Pembahasan yang kurang lebih sama
juga diangkat oleh media bisnis terkemuka, Financial
Times (FT), dengan judul “Widodo’s party set to win Indonesia parliamentary
election” (Partai Widodo akan memenangi pemilu legislatif).
Keberhasilan PDI-P memimpin
perolehan suara sejauh ini “karena keputusannya untuk menominasikan Joko
Widodo, gubernur Jakarta yang populer, sebagai kandidat presidennya,” tulis FT.
“Mr. Widodo, yang seperti Obama
melesat dari semula orang tak terkenal, masih menjadi yang terdepan untuk
pilpres bulan Juli nanti, dan partainya juga yang paling berpeluang untuk bisa
memenuhi ambang batas suara 25% (untuk mengajukan capres sendiri) atau 20% dari
560 kursi di DPR.”
Sayangnya, PDI-P tidak maksimal
menjual popularitas Jokowi guna mendongkrak perolehan suara legislatif.
“PDI-P belum mulai mempromosikan
Jokowi sampai saat-saat terakhir kampanye,” kata pengamat politik Paul Rowland,
seperti dikutip FT.
“Baik Golkar maupun Gerindra akan
merasa bahwa peluang mereka sekarang akan lebih baik dibandingkan dugaan mereka
sebelumnya.”
The Wall Street Journal (WSJ) juga menyampaikan analisanya bahwa
peningkatan suara PDI-P ini di luar harapan semula.
“Parpol di Indonesia yang semula
diduga akan mendominasi hasil pemilu legislatif hari Rabu ternyata masih
goyah,” kata WSJ.
Apabila PDI-P masih butuh
berkoalisi untuk mengangkat Jokowi, maka itu akan menjadi kabar buruk buat
perekonomian.
“Secara historis, pembentukan
koalisi dan politik dagang kuda telah memperlambat program reformasi ekonomi,”
jelas media itu.
Reuters juga mengulas bahwa hasil penghitungan mengindikasikan
jalan Jokowi menuju RI-1 akan lebih sulit dari dugaan awal.

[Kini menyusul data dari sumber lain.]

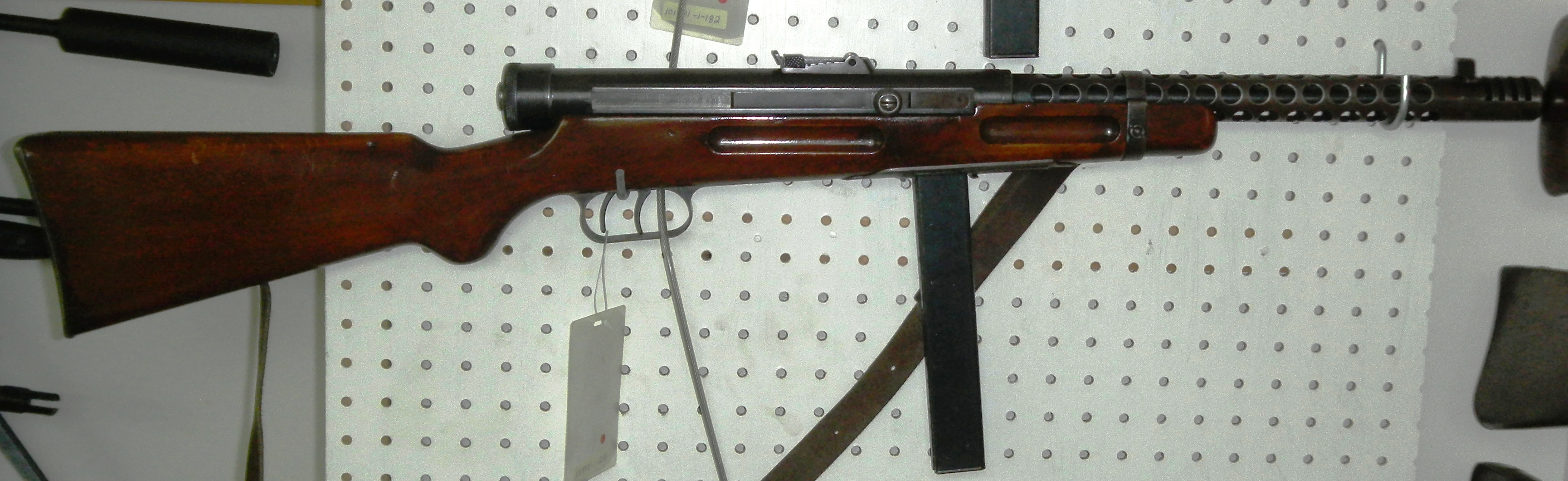 MAB 38 (Moschetto Automatico Beretta Modello 1938), Modello 38, or Model 38 and its variants were a series of 9-mm official submachine guns of the Royal Italian Army introduced in 1938 and used during the Second World War.  The guns were also used by the German, Romanian, and Argentine armies of the time.  This one is on display in the New Brunswick Military History Museum (Woolastook), New Maryland, New Brunswick.

PDI-P “akan terpaksa berunding
dengan parpol-parpol lain untuk mengajukan Jokowi di pilpres bulan Juli.”
Namun demikian Reuters juga mencatat bahwa “kemungkinan
Jokowi menjadi presiden telah mendongkrak nilai rupiah – mata uang yang menjadi
best performer di Asia tahun ini – dan juga indeks harga saham.”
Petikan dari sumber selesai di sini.